- _TASK PROMPT_
Your reply should hold every record exactly as given, with no pictures in it.

- _DATA RECORDS_
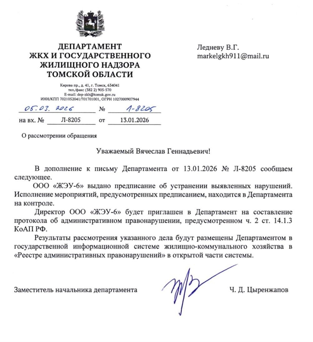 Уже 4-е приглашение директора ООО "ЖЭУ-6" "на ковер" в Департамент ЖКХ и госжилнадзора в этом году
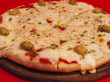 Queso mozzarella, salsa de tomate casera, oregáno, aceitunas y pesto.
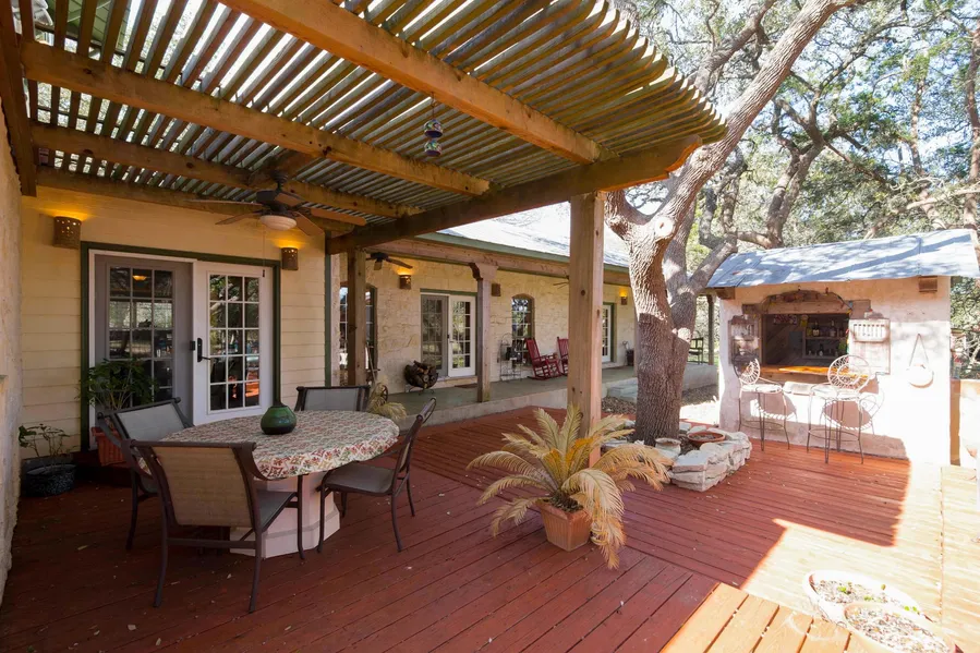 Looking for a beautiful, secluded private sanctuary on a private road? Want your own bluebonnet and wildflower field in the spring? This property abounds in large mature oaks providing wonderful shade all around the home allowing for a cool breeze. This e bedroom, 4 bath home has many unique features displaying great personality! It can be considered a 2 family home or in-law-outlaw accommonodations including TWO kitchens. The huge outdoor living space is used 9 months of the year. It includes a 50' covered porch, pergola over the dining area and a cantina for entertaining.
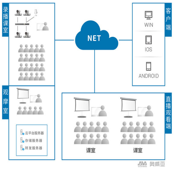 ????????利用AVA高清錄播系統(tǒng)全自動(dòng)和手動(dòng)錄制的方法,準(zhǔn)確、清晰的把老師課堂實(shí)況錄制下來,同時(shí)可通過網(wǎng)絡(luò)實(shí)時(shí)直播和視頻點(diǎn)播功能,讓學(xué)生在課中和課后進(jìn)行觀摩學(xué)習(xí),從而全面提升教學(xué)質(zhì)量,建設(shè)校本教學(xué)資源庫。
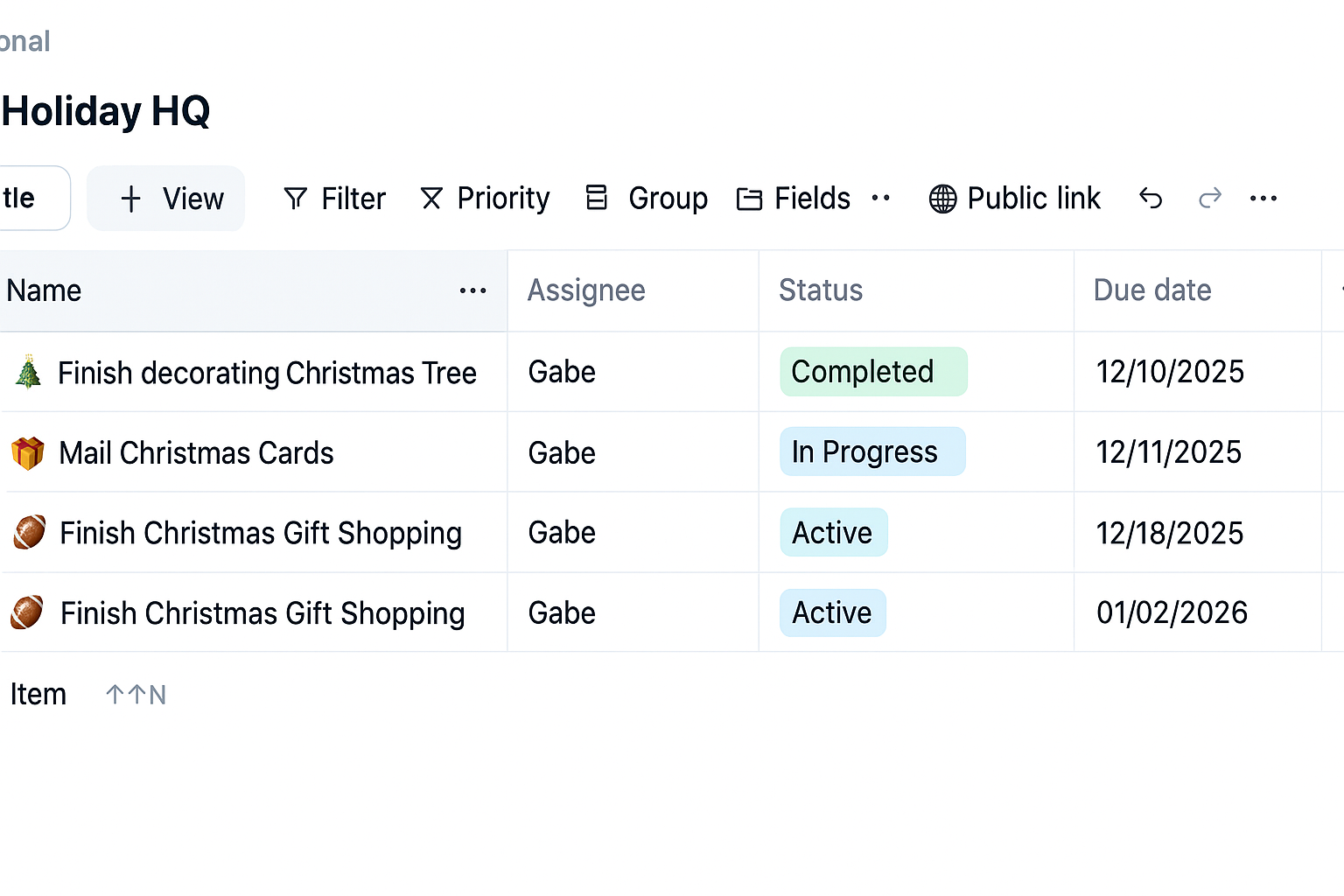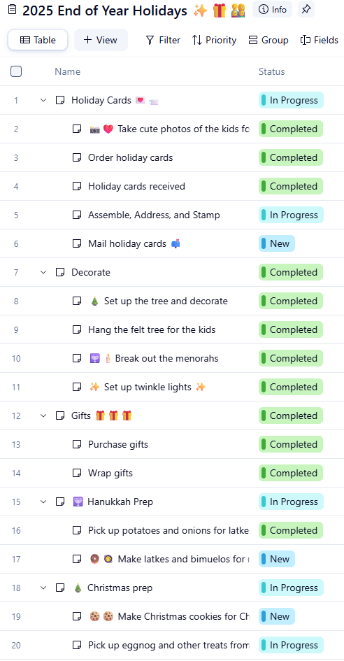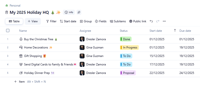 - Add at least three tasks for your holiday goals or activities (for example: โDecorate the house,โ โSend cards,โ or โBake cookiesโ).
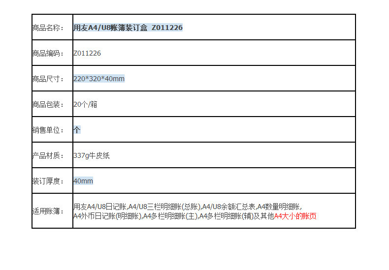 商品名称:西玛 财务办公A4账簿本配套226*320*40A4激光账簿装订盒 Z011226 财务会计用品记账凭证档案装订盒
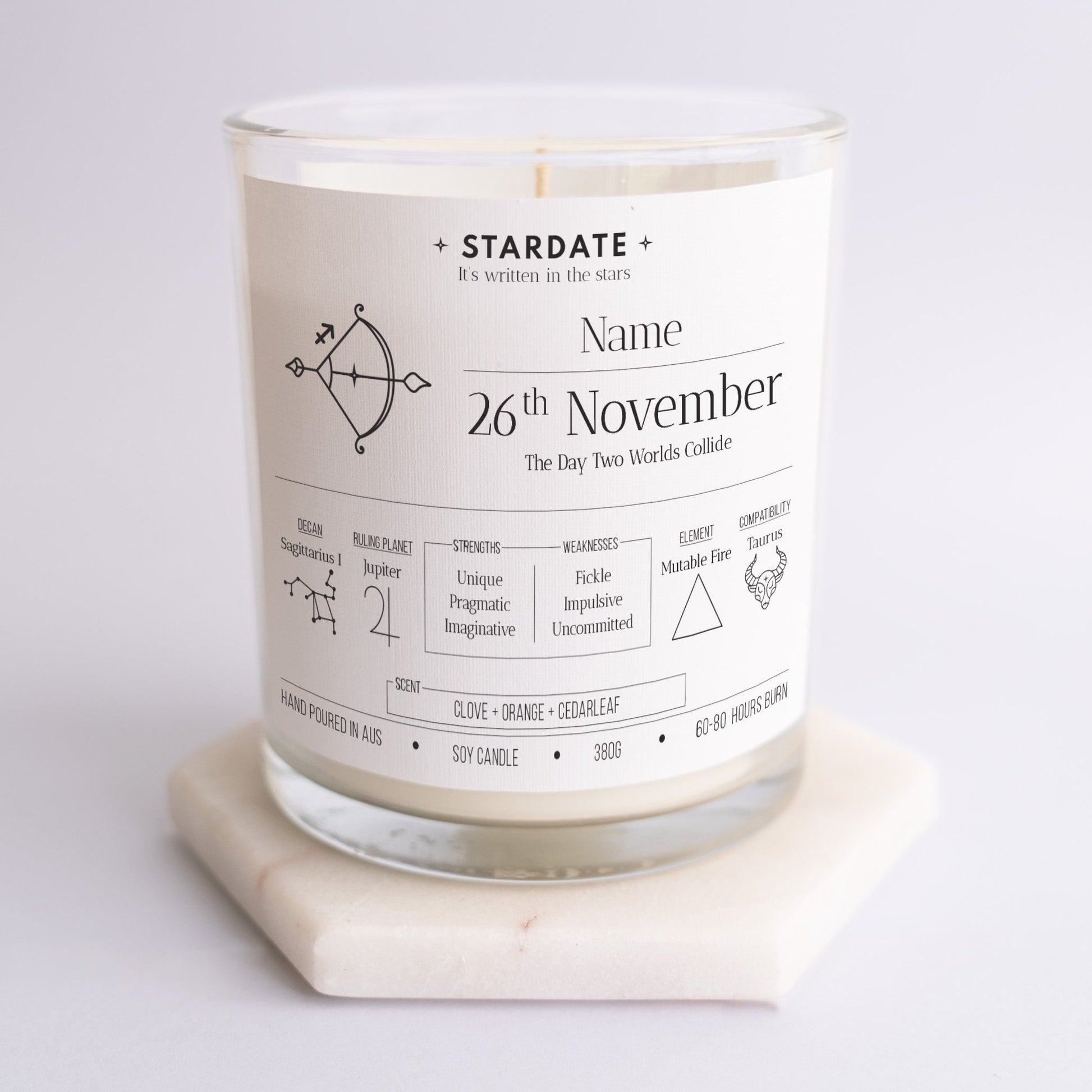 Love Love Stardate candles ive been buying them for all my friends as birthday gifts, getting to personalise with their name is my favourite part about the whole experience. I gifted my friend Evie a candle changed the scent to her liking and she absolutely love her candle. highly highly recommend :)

- _SOLUTION TO THE PROBLEM_
 Уже 4-е приглашение директора ООО "ЖЭУ-6" "на ковер" в Департамент ЖКХ и госжилнадзора в этом году
 Queso mozzarella, salsa de tomate casera, oregáno, aceitunas y pesto.
 Looking for a beautiful, secluded private sanctuary on a private road? Want your own bluebonnet and wildflower field in the spring? This property abounds in large mature oaks providing wonderful shade all around the home allowing for a cool breeze. This e bedroom, 4 bath home has many unique features displaying great personality! It can be considered a 2 family home or in-law-outlaw accommonodations including TWO kitchens. The huge outdoor living space is used 9 months of the year. It includes a 50' covered porch, pergola over the dining area and a cantina for entertaining.
 ????????利用AVA高清錄播系統(tǒng)全自動(dòng)和手動(dòng)錄制的方法,準(zhǔn)確、清晰的把老師課堂實(shí)況錄制下來,同時(shí)可通過網(wǎng)絡(luò)實(shí)時(shí)直播和視頻點(diǎn)播功能,讓學(xué)生在課中和課后進(jìn)行觀摩學(xué)習(xí),從而全面提升教學(xué)質(zhì)量,建設(shè)校本教學(xué)資源庫。
 - Add at least three tasks for your holiday goals or activities (for example: โDecorate the house,โ โSend cards,โ or โBake cookiesโ).
 商品名称:西玛 财务办公A4账簿本配套226*320*40A4激光账簿装订盒 Z011226 财务会计用品记账凭证档案装订盒
 Love Love Stardate candles ive been buying them for all my friends as birthday gifts, getting to personalise with their name is my favourite part about the whole experience. I gifted my friend Evie a candle changed the scent to her liking and she absolutely love her candle. highly highly recommend :)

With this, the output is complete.